Docker Compose (Recommended)
# Download docker-compose.yml
wget https://huggingface.co/Doradus/Hermes-4.3-36B-FP8/raw/main/docker/docker-compose.yml
# Run on single GPU (48GB+ recommended)
docker compose up
# Or specify GPU
GPU_ID=0 docker compose up
Docker Run
# Single GPU (48GB+ VRAM recommended)
docker run --gpus '"device=0"' -p 8000:8000 \
-v hf_cache:/root/.cache/huggingface \
--shm-size=16g \
vllm/vllm-openai:v0.12.0 \
--model Doradus/Hermes-4.3-36B-FP8 \
--tensor-parallel-size 1 \
--max-model-len 16384 \
--gpu-memory-utilization 0.90 \
--trust-remote-code \
--tool-call-parser hermes \
--enable-auto-tool-choice
Test the API
curl http://localhost:8000/v1/chat/completions \
-H "Content-Type: application/json" \
-d '{
"model": "Doradus/Hermes-4.3-36B-FP8",
"messages": [{"role": "user", "content": "Hello!"}],
"max_tokens": 100
}'
Usage
vLLM (Recommended)
python -m vllm.entrypoints.openai.api_server \
--model Doradus/Hermes-4.3-36B-FP8 \
--tensor-parallel-size 1 \
--max-model-len 16384 \
--trust-remote-code \
--tool-call-parser hermes \
--enable-auto-tool-choice
SGLang
python -m sglang.launch_server \
--model-path Doradus/Hermes-4.3-36B-FP8 \
--host 0.0.0.0 \
--port 8000 \
--tp 1
Tool Calling Example
import openai
client = openai.OpenAI(base_url="http://localhost:8000/v1", api_key="dummy")
tools = [{
"type": "function",
"function": {
"name": "get_weather",
"description": "Get the current weather in a city",
"parameters": {
"type": "object",
"properties": {
"city": {"type": "string", "description": "City name"}
},
"required": ["city"]
}
}
}]
response = client.chat.completions.create(
model="hermes-43-36b-fp8",
messages=[{"role": "user", "content": "What's the weather like in San Francisco?"}],
tools=tools,
tool_choice="auto"
)
print(response.choices[0].message.tool_calls)
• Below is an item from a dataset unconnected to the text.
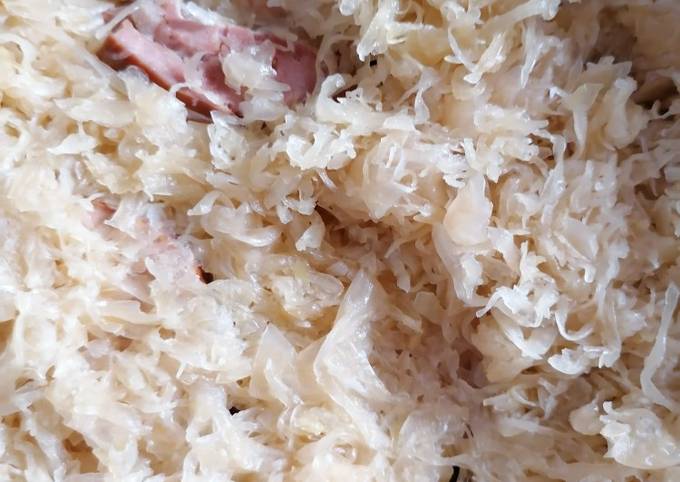 - Einen großen Topf nehmen, gebe nun Öl hinein. 200g Sauerkraut darin verteilen und darauf den Kassler legen. Wieder Sauerkraut darauf verteilen und das Ganze mit Wasser bedecken. Lorbeerblatt hinzufügen und ca. 4 Stunden leicht kochen lassen. Dann mit Pfeffer abschmecken und mit Brot oder Kartoffelbrei servieren. Guten Appetit. 😉.

# [ToolCall(function=Function(name='get_weather', arguments='{"city": "San Francisco"}'))]
Architecture Details
This is a dense transformer model based on ByteDance Seed-OSS architecture:
| Property | Value |
|---|---|
| Total Parameters | 36B |
| Hidden Size | 5120 |
| Attention Heads | 80 |
| KV Heads (GQA) | 8 |
| Layers | 64 |
| Intermediate Size | 27648 |
| Max Context | 524,288 tokens |
| Vocabulary | 155,136 tokens |
Hardware Requirements
VRAM Analysis
Model weights: 36GB (vs 68GB BF16 original)
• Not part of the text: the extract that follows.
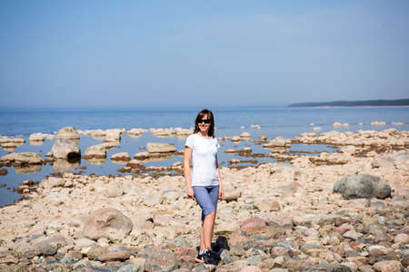 Panoramic view from the Baltic sea shore on a clear sunny summer day. Rocks close-up. Nature, environmental conservation, vacations, hiking, exploring concepts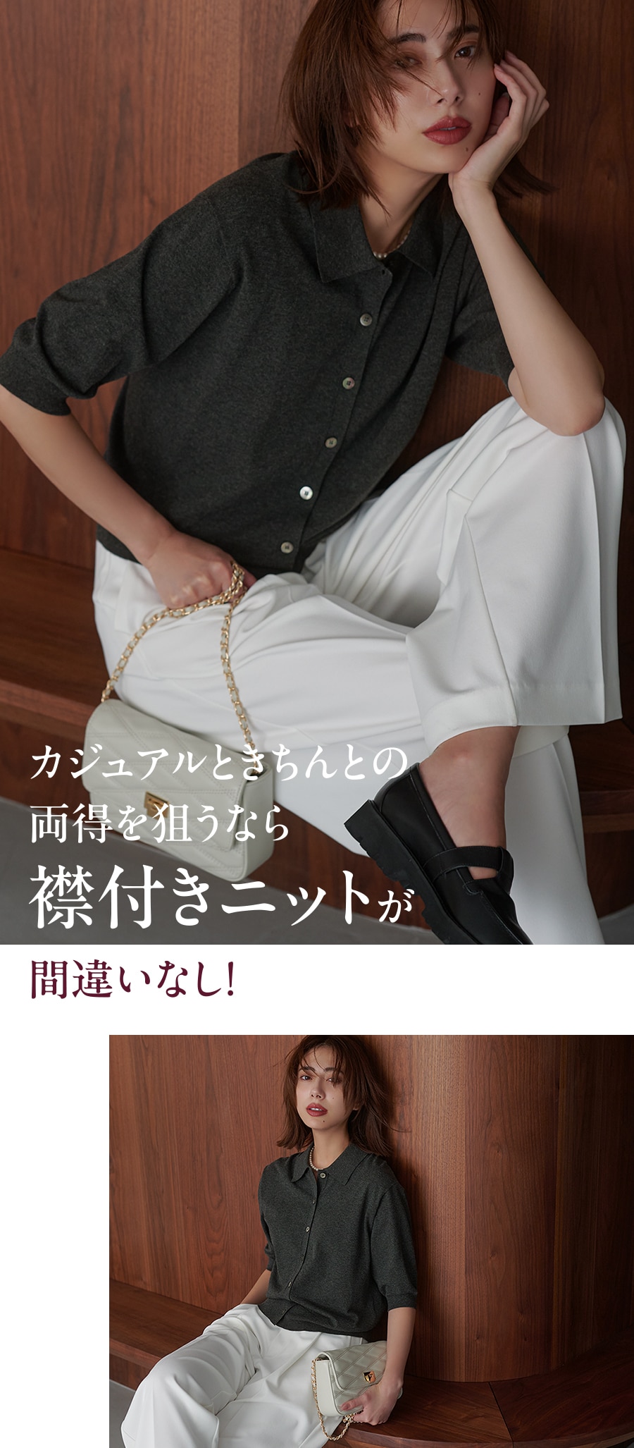 トラッドで襟付きだからきちんと見える上に、かっちりとかしこまりすぎないのがニットポロの良いところ。ノンウールだから、今すぐもこれからも重宝!

| Context Length | KV Cache (FP16) | Total VRAM | Fits Single GPU? |
|---|---|---|---|
| 4K tokens | ~0.5 GB | ~37 GB | A100-40GB (tight) |
| 8K tokens | ~1.0 GB | ~38 GB | A100-40GB |
| 16K tokens | ~2.0 GB | ~39 GB | RTX 6000 Ada (48GB) |
| 32K tokens | ~4.0 GB | ~41 GB | A100-80GB |
| 64K tokens | ~8.0 GB | ~45 GB | A100-80GB / H100 |
KV cache calculated for GQA with 8 KV heads, 128 head_dim, 64 layers, FP16 KV
Recommended Configurations
| GPU Setup | Max Context | Performance | Notes |
|---|---|---|---|
| 1x RTX 4090 (24GB) | OOM | N/A | Model too large |
| 1x RTX 5090 (32GB) | ~2K tokens | ~5-10 tok/s | Requires --enforce-eager |
| 1x RTX 6000 Ada (48GB) | ~16K tokens | ~20 tok/s | Recommended single GPU |
| 1x A100-40GB | ~8K tokens | ~25 tok/s | Single GPU possible |
| 1x A100-80GB | ~64K tokens | ~40 tok/s | Recommended production |
| 1x H100-80GB | ~128K tokens | ~60 tok/s | Full performance |
| 2x RTX 4090 TP=2 | ~16K tokens | ~40 tok/s | Consumer multi-GPU |
Note: FP8 inference requires CUDA compute capability 8.9+ (Ada Lovelace) or 9.0+ (Hopper/Blackwell) for optimal performance.
Quality & Performance
Original Model Benchmarks (from NousResearch)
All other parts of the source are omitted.